SIGNIFICANCE AND USE
4.1 Predictions of neutron radiation effects on pressure vessel steels are considered in the design of light-water moderated nuclear power reactors. Changes in system operating parameters often are made throughout the service life of the reactor vessel to account for radiation effects. Due to the variability in the behavior of reactor vessel steels, a surveillance program is warranted to monitor changes in the properties of actual vessel materials caused by long-term exposure to the neutron radiation and temperature environment of the reactor vessel. This practice describes the criteria that should be considered in planning and implementing surveillance test programs and points out precautions that should be taken to ensure that: (1) capsule exposures can be related to beltline exposures, (2) materials selected for the surveillance program are samples of those materials most likely to limit the operation of the reactor vessel, and (3) the test specimen types are appropriate for the evaluation of radiation effects on the reactor vessel.  
4.2 Guides E482 and E853 describe a methodology for estimation of neutron exposure obtained for reactor vessel surveillance programs. Regulators or other sources may describe different methods.  

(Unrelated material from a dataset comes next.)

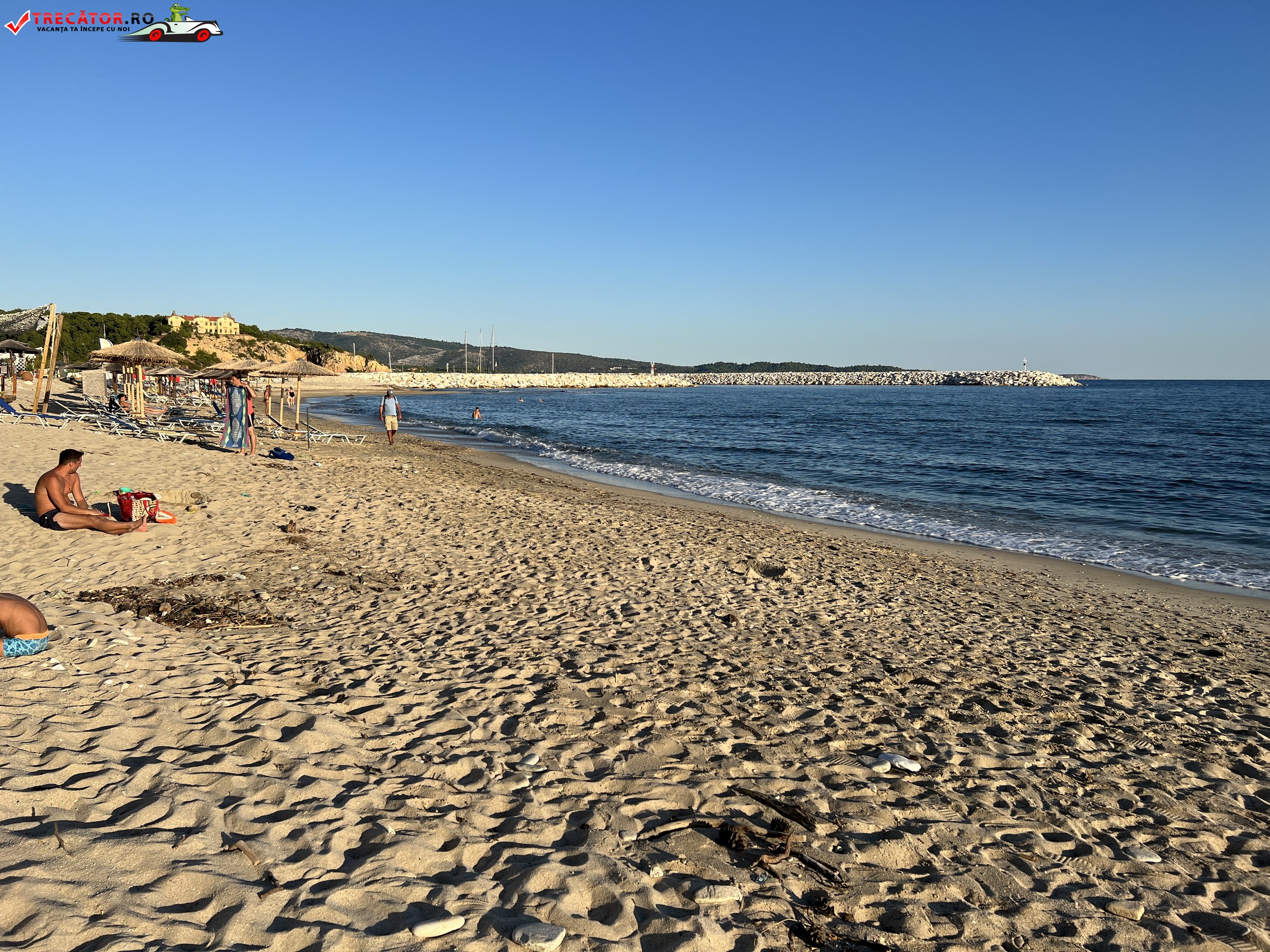 Este acoperită cu nisip alb şi pe alocuri cu pietricele mici, fiind cunoscută ca una dintre cele mai aglomerate plaje din timpul verii, datorită locaţiei.

4.3 The design of a surveillance program for a given reactor vessel must consider the existing body of data on similar materials in addition to the specific materials used for that reactor vessel. The amount of such data and the similarity of exposure conditions and material characteristics will determine their applicability for predicting radiation effects.
SCOPE
1.1 This practice covers procedures for designing a surveillance program for monitoring the radiation-induced changes in the mechanical properties of ferritic materials in light-water moderated nuclear power reactor vessels. New advanced light-water small modular reactor designs with a nominal design output of 300 MWe or less have not been specifically considered in this practice. This practice includes the minimum requirements for the design of a surveillance program, selection of vessel material to be included, and the initial schedule for evaluation of materials.  
1.2 This practice was developed for all light-water moderated nuclear power reactor vessels for which the predicted maximum fast neutron fluence (E > 1 MeV) exceeds 1 × 1021 neutrons/m 2  (1 × 1017 n/cm2) at the inside surface of the ferritic steel reactor vessel.  

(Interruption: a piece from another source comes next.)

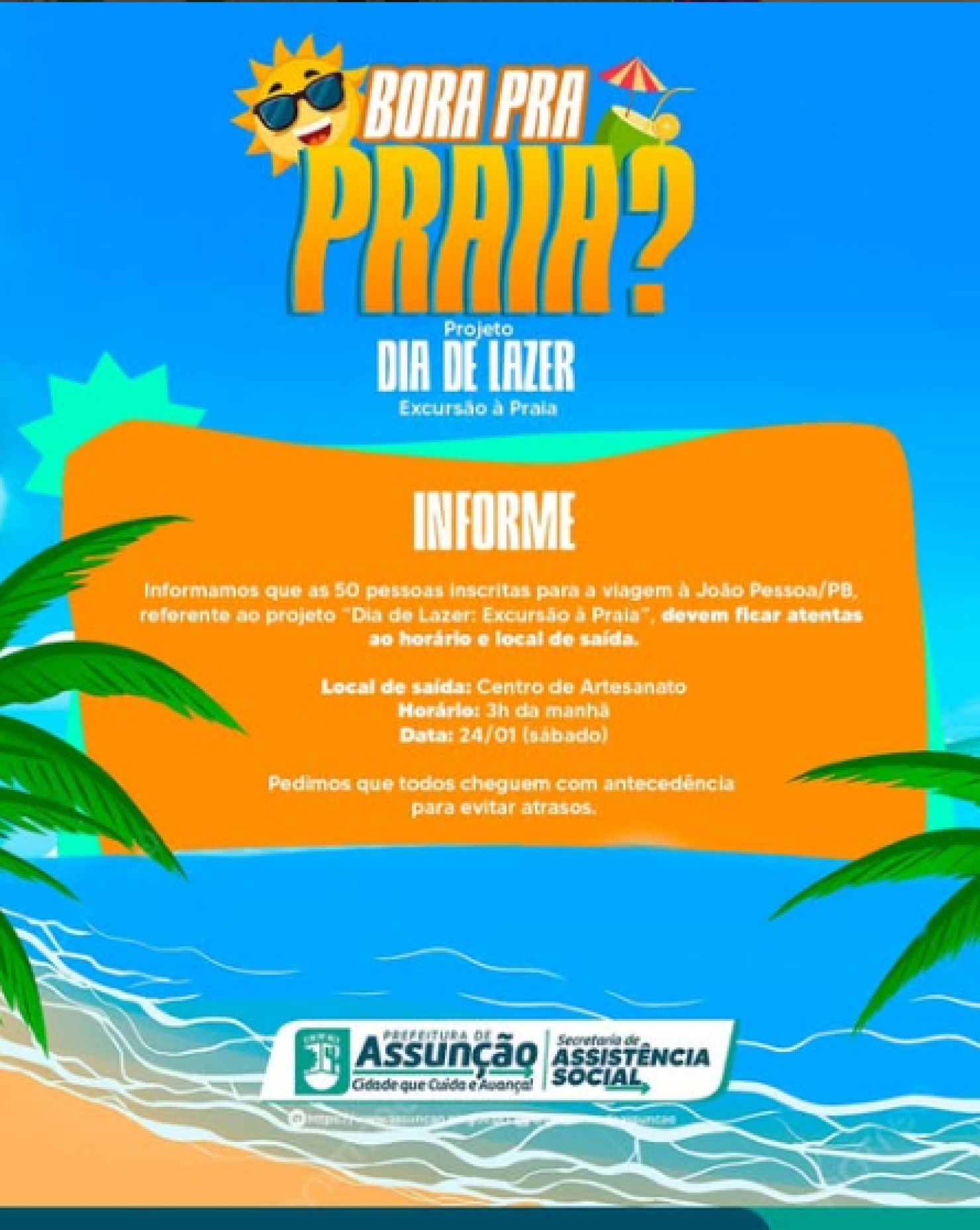 A Prefeitura de Assunção, por meio da Secretaria de Assistência Social, informa às 50 pessoas inscritas no projeto “Dia de Lazer – Excursão à Praia” que fiquem atentas ao horário e local de saída:

1.3 This practice does not provide specific procedures for monitoring the radiation induced changes in properties beyond the design life. Practice E2215 addresses changes to the withdrawal schedule during and beyond the design life.  
1.4 The values stated in SI units are to be regarded as the standard. The values given in parentheses are for information only.
Note 1: The increased complexity of the requirements for a light-water moderated nuclear power reactor vessel surveillance program has necessitated the separation of the requirements into three related standards. Practice E185 describes the minimum requirements for design of a surveillance program. Practice E2215 describes the procedures for testing and evaluation of surveillance capsules removed from a reactor vessel. Guide E636 provides guidance for conducting additional mechanical tests. A summary of the many major revisions to Practice E185 since its original issuance is contained in Appendix X2.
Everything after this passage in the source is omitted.